Furthermore, it was elucidated that increasing dose of parsley in male rats taking lead acetate caused a reduction in the LH and FSH levels and an increase in the serum levels of testosterone. Meanwhile, the rats that received lead acetate with parsley extract with 200 mg/kg dose showed a significant difference in spermatogenesis. In fact, parsley with 200 mg/kg dose plays a key role in increasing the sperms numbers in the tube lumen (Khani et al., 2017; Khani et al. 2018). In our experiment, parsley hydroalcoholic extract (1 mg/kg) affected spermatogenesis. Abdel-Wahhab et al., showed that zearalenone-induced reproductive toxicity was protected by Seudomonas crispum oil. Also, Seudomonas crispum oil improved sperm motility, sperm count, and testosterone level significantly (Abdel-Wahhab et al., 2006).

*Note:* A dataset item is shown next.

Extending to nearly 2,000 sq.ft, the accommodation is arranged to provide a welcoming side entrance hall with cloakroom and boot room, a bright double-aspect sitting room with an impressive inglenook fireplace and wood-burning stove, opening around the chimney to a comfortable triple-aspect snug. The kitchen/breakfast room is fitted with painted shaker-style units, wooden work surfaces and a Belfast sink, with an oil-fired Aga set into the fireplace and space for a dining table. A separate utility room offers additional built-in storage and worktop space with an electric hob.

There is growing evidence that demonstrates free radicals cause the loss of epithelial cells, which can reduce sperm motility and sperm count (Aziz et al., 2004; Kolarovic et al., 2010). Moreover, there is a strong correlation between the development of DM and oxidative stress due to hyperglycemia and hyperlipidemia. On the other hand, as the parsley possess antioxidant properties; this medicinal plant can improve the sperm quality under diabetic condition by overexpression of antioxidant-related genes (Shi et al., 2012, Mahmood et al., 2014). In this way, it was revealed that P. crispum extract treatment caused to reduce the reactive oxygen species (ROS), which in turn leads to the increase in the viability of sperms (Shrilatha, 2007).

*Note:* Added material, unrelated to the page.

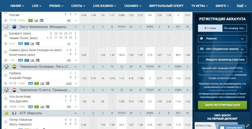 К числу сильных сторон букмекерской конторы 1хСтавка можно также отнести полноту линии и росписи, весьма высокие по российским меркам коэффициенты, регулярные акции, приятные бонусы и круглосуточную поддержку. Игра в букмекерской конторе 1хСтавка, как водится, начинается с создания учетной записи и игрового счета.
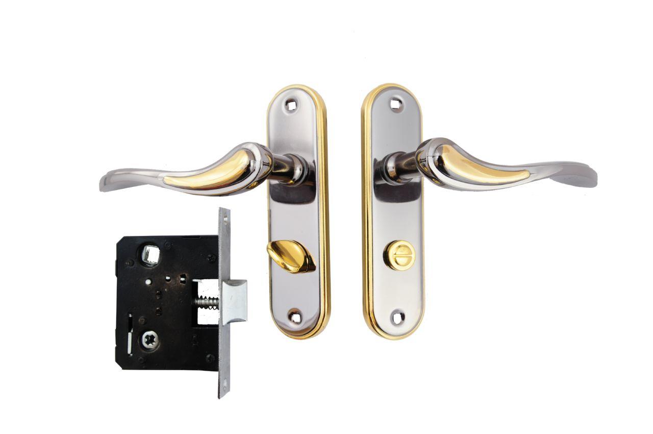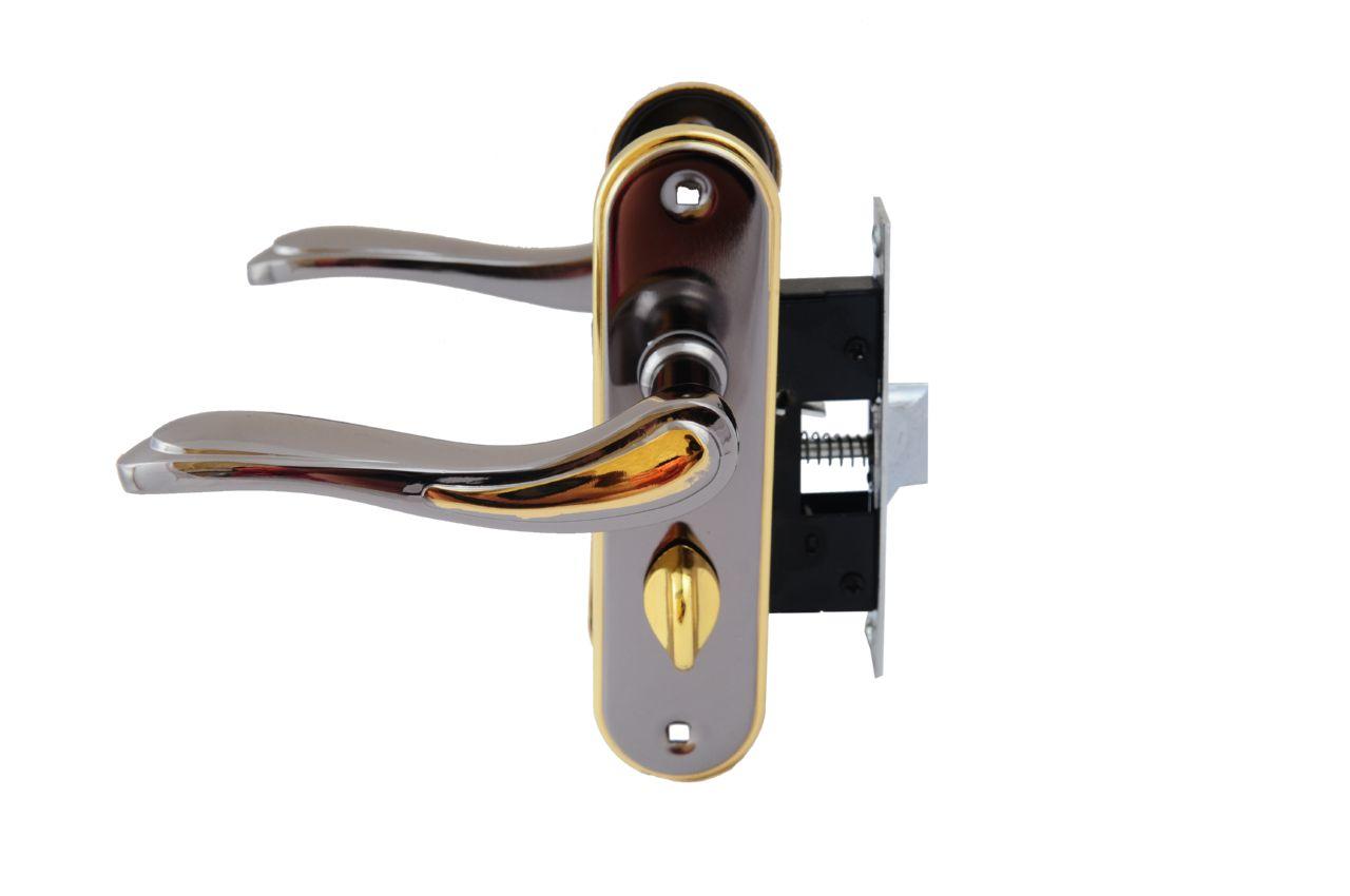 Ручка дверна на планці в комплекті з врізним замком під фіксатор. Матеріал: метал-планка / алюміній-ручка.

All of these available documents are compatible with our results. Therefore, this important point can be mentioned that hydroalcoholic extract of parsley with impact on the pituitary-gonadal axis may be useful in improvement of diabetic reproductive complications. Since parsley has very low toxicity, the administration of 4 mg of its extract in male rats under treatment caused 15% deaths. However, no side effect has been reported regarding the administration of parsley extract.

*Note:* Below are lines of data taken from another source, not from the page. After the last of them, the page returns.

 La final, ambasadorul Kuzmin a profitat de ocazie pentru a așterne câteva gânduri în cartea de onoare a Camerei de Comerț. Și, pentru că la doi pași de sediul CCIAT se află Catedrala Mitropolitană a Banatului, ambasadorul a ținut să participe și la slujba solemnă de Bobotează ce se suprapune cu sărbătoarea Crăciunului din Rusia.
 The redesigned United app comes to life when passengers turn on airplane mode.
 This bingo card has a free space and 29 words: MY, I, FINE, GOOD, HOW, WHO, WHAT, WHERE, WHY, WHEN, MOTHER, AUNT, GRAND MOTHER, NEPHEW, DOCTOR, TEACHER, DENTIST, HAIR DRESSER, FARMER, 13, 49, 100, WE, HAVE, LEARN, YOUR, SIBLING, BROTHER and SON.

T2D is known as the most prevalent metabolic disease. This complex disorder is one of the main public health concerns. With respect to the effect of DM on the reproductive system, finding a way to improve the diabetic reproductive complications is of importance. Parsley (P. crispum) extract has been demonstrated to affect various body systems, especially the reproductive system. According to the results of the present study, the levels of LH, FSH, and testosterone increased after treatment with parsley (P. crispum) hydroalcoholic extract in 1 mg/kg dose as compared to the diabetic control group. Furthermore, a significant increase was found in the sperm cells and motility, testis weight, and total sperm count in the hydroalcoholic extract of the parsley group (1 mg/kg) compared to the diabetic control group. Overall, it seems that parsley (P. crispum) hydroalcoholic extract can have a positive effect on diabetic reproductive complications. In sum, the results of this study highlight that the presence of natural chemical and antioxidant compounds in the hydroalcoholic extract of parsley leaves might protect animal tissues against free radical damage and improve sperm parameters and secretion of LH, FSH, and testosterone in animals.
The authors thank all those who helped them to write this article.
The authors declared no conflict of interests.